**PROVIDED MATERIAL**
- - - -

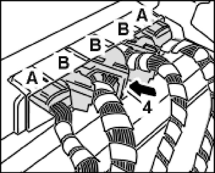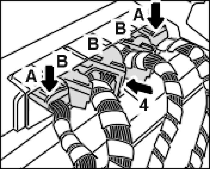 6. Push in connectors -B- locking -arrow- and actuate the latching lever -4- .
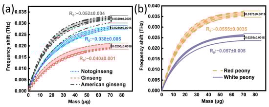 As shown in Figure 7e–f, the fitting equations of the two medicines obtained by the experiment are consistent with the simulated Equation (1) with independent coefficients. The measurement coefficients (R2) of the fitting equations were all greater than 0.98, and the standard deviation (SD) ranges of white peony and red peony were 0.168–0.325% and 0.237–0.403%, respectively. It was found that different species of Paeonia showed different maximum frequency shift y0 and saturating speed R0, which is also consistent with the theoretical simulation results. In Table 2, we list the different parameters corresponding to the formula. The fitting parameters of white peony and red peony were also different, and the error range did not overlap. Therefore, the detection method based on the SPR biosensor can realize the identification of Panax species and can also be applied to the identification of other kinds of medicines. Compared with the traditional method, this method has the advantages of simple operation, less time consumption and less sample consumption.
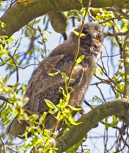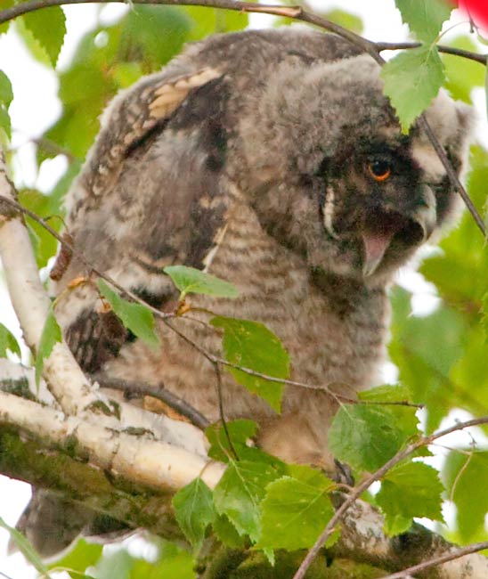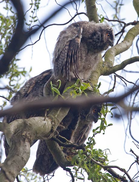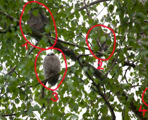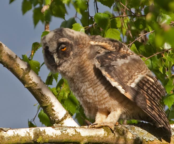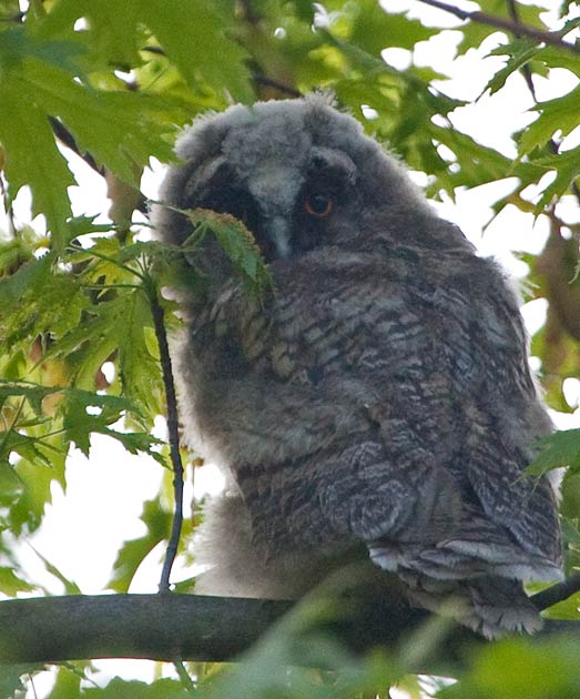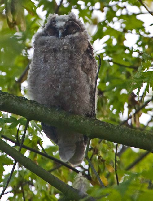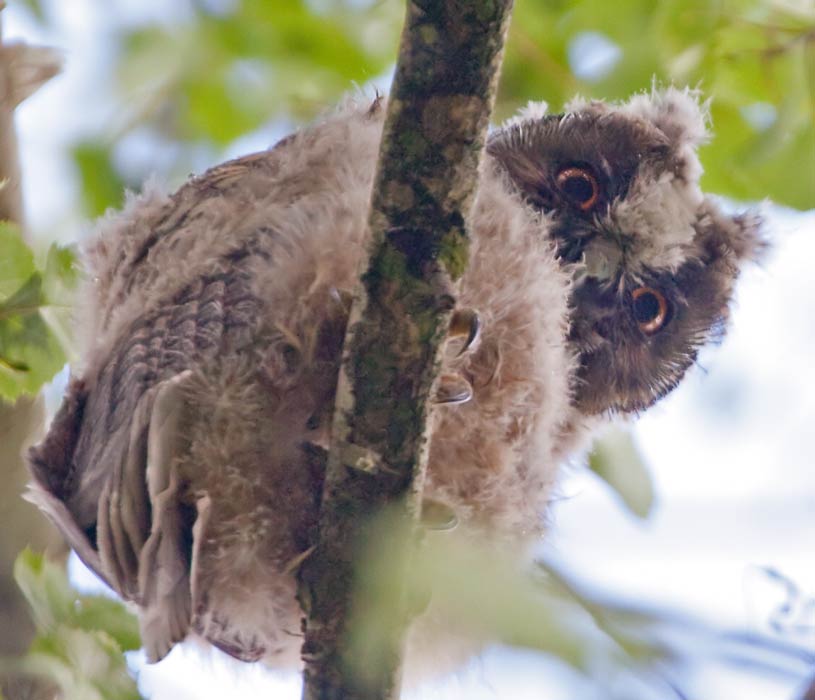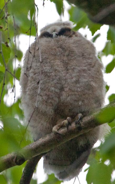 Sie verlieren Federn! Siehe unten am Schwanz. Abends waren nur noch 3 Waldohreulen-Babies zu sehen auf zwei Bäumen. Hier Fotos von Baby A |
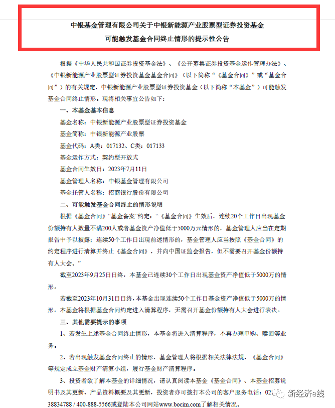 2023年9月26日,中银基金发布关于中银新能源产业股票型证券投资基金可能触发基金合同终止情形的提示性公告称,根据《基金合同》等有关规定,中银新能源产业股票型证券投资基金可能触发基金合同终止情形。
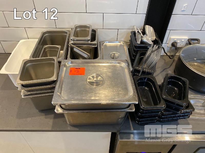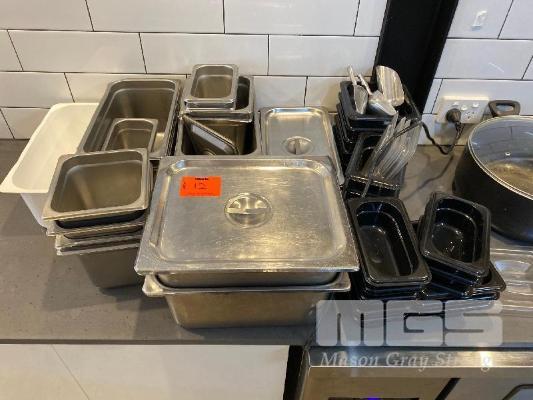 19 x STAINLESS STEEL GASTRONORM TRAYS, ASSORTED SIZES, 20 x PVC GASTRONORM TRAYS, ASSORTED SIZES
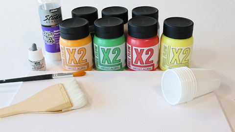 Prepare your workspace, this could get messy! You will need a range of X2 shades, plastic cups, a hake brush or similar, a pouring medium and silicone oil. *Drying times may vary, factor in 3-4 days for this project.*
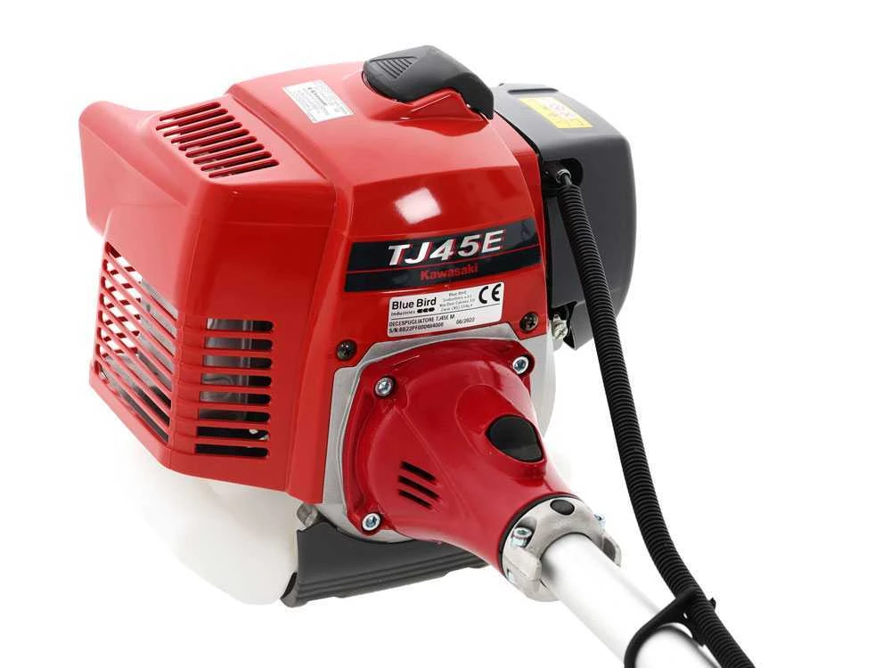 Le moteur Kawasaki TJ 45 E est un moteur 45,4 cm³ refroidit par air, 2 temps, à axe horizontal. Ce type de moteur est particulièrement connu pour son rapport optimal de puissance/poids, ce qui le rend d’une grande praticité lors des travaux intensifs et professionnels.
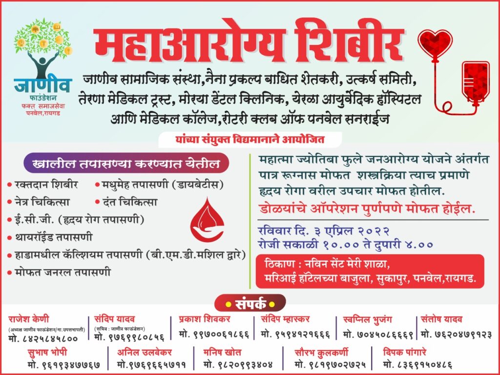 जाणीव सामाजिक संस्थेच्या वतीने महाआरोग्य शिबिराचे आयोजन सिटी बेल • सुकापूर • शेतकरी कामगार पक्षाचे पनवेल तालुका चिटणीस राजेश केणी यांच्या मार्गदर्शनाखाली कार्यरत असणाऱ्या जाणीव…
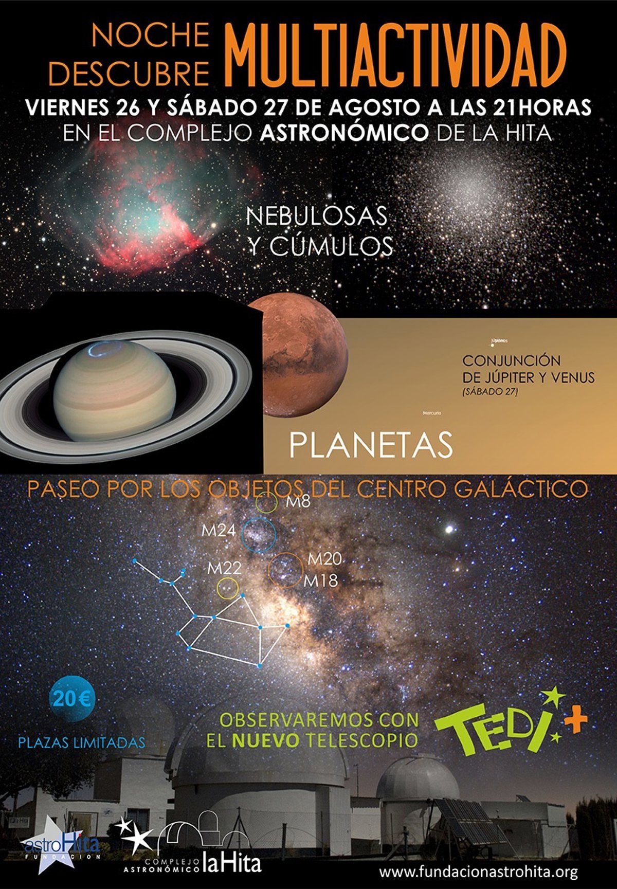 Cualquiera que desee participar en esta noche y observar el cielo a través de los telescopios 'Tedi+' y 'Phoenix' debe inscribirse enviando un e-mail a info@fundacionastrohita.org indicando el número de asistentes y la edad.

- - - -

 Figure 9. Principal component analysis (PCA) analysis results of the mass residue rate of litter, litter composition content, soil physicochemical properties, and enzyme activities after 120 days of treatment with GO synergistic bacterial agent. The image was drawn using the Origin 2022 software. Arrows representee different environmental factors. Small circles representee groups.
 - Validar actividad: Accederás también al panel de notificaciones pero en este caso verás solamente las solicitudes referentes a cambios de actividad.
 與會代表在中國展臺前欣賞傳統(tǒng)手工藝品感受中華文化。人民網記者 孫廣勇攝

- - - -

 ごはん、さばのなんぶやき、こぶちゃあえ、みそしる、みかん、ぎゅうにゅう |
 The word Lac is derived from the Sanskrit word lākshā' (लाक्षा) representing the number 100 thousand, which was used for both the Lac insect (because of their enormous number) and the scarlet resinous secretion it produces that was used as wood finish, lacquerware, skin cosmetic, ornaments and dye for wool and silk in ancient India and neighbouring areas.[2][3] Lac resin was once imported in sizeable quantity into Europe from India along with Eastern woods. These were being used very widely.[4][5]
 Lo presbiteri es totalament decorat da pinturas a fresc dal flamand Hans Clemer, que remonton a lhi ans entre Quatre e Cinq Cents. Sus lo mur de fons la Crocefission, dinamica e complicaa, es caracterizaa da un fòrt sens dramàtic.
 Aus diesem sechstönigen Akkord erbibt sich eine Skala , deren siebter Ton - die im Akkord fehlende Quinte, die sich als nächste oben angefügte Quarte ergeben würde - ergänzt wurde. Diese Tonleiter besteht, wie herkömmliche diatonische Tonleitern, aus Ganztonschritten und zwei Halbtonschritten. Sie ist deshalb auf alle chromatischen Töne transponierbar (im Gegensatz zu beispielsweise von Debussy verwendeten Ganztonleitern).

- - - -

**WHAT TO WORK ON**
Reproduce exactly the lines above from the line with "ごはん、さばのなんぶやき、こぶちゃあえ、みそしる、みかん、ぎゅうにゅう |" to the line with "Lo presbiteri es", including both, and add nothing.

**ANSWER TO THIS TASK**
 ごはん、さばのなんぶやき、こぶちゃあえ、みそしる、みかん、ぎゅうにゅう |
 The word Lac is derived from the Sanskrit word lākshā' (लाक्षा) representing the number 100 thousand, which was used for both the Lac insect (because of their enormous number) and the scarlet resinous secretion it produces that was used as wood finish, lacquerware, skin cosmetic, ornaments and dye for wool and silk in ancient India and neighbouring areas.[2][3] Lac resin was once imported in sizeable quantity into Europe from India along with Eastern woods. These were being used very widely.[4][5]
 Lo presbiteri es totalament decorat da pinturas a fresc dal flamand Hans Clemer, que remonton a lhi ans entre Quatre e Cinq Cents. Sus lo mur de fons la Crocefission, dinamica e complicaa, es caracterizaa da un fòrt sens dramàtic.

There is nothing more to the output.